Project description:This study investigated the distribution of antibiotic resistant Escherichia coli (E. coli) and examined the possible relationship between water quality parameters and antibiotic resistance from two different drinking water sources (the Qiantang River and the Dongtiao Stream) in Hangzhou city of China. E. coli isolates were tested for their susceptibility to 18 antibiotics. Most of the isolates were resistant to tetracycline (TE), followed by ampicillin (AM), piperacillin (PIP), trimethoprim/sulfamethoxazole (SXT), and chloramphenicol (C). The antibiotic resistance rate of E. coli isolates from two water sources was similar; For E. coli isolates from the Qiantang River, their antibiotic resistance rates decreased from up- to downstream. Seasonally, the dry and wet season had little impact on antibiotic resistance. Spearman's rank correlation revealed significant correlation between resistance to TE and phenicols or ciprofloxacin (CIP), as well as quinolones (ciprofloxacin and levofloxacin) and cephalosporins or gentamicin (GM).
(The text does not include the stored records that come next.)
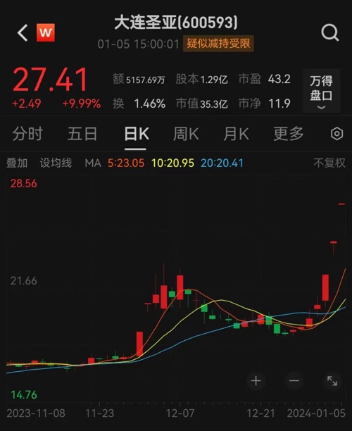 另外,近期同样股价火热的大连圣亚,股价连续3个涨停,并且在1月5日一字涨停。1月5日晚间,大连圣亚表示,公司主营业务主要为极地海洋馆景区经营、景区场馆内商业运营及动物经营,公司目前生产经营活动未发生重大变化。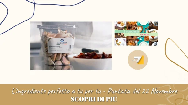 L’aglio di O.P. Sabina è stato utilizzato nella puntata del 22 novembre del programma culinario “L’Ingrediente Perfetto – A tu per tu”, in onda su La7 e condotto da Maria Grazia Cucinotta. Un’occasione importante per mostrare la qualità del nostro prodotto attraverso ricette d’autore firmate da due chef di grande talento. Le ricette degli chef…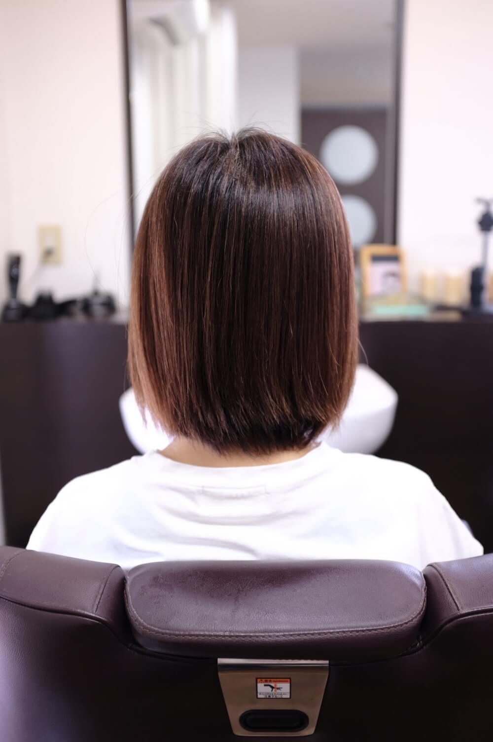 以前、くるくるウェーブパーマもされてたんですが、一旦ストレートに戻したいとのことで、ストレートパーマで真っ直ぐに戻してたんですよね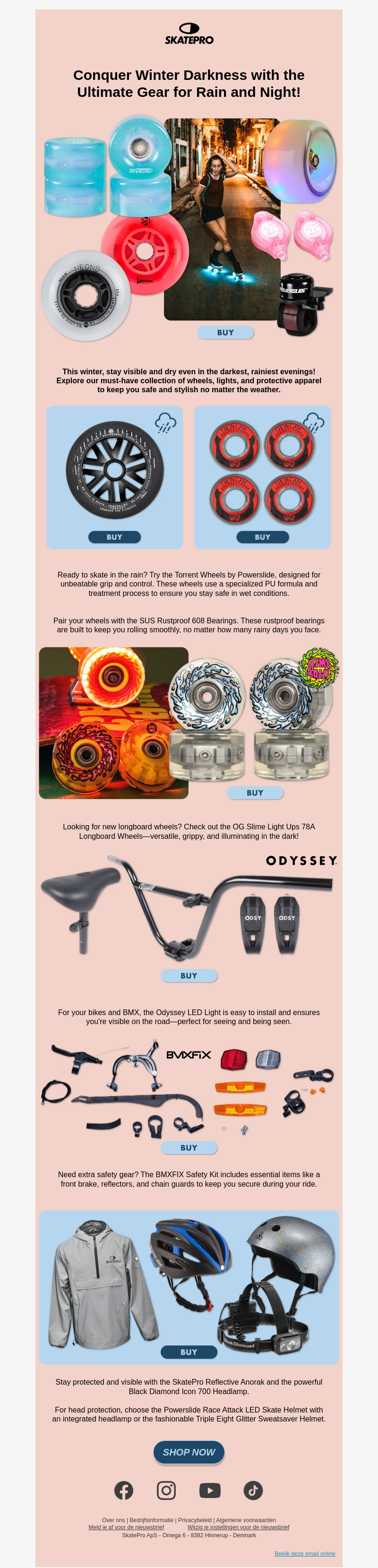 Bereid je voor op de winter met onze ultieme uitrusting voor regen en nacht. Ontdek robuuste wielen voor all-weather skateboarden en beschermende kleding om stijlvol en veilig te blijven. Of je nu door regen of in het donker skatet, onze producten zorgen ervoor dat je zichtbaar en beschermd bent.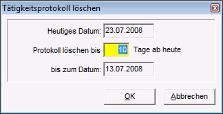 Man kann entscheiden, ob das Protokoll bis zu einem bestimmten Datum gelöscht werden soll oder xxx Tage ab heute.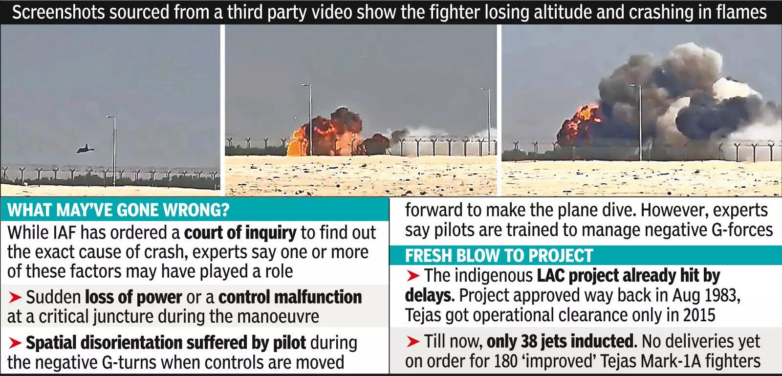 - What happened: Tejas Mark-1 crashed during low-altitude aerobatics
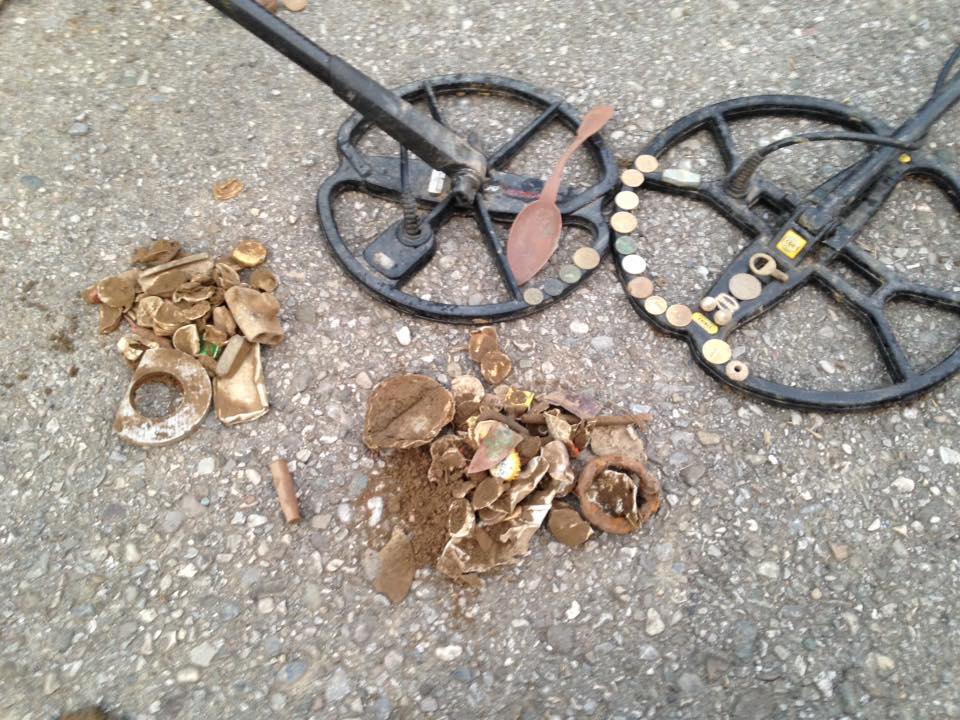 Nachfolgendes Bild zeigt die Suche mit 2 verschiedenen Detektoren. Hier tritt ein teurer Markenmetalldetektor (über 1000 €) gegen einen Einsteigermetalldetektor mit CORS Strike Powerspule an. Obwohl beide gleich lang im gleichen Suchgebiet gesucht haben, hat der Sondler mit dem Einsteigermetalldetektor und der CORS Spule deutlich mehr Münzen gefunden. Dieser Effekt wird von praktisch allen Sondengängern berichtet, die eine CORS Scout, Strike oder Cannon Spule verwenden.

Pearson's chi-square tests found certain water parameters such as nutrient concentration were strongly associated with resistance to some of the antibiotics. In addition, tet genes were detected from all 82 TE-resistant E. coli isolates, and most of the isolates (81.87%) contained multiple tet genes, which displayed 14 different combinations. Collectively, this study provided baseline data on antibiotic resistance of drinking water sources in Hangzhou city, which indicates drinking water sources could be the reservoir of antibiotic resistance, potentially presenting a public health risk.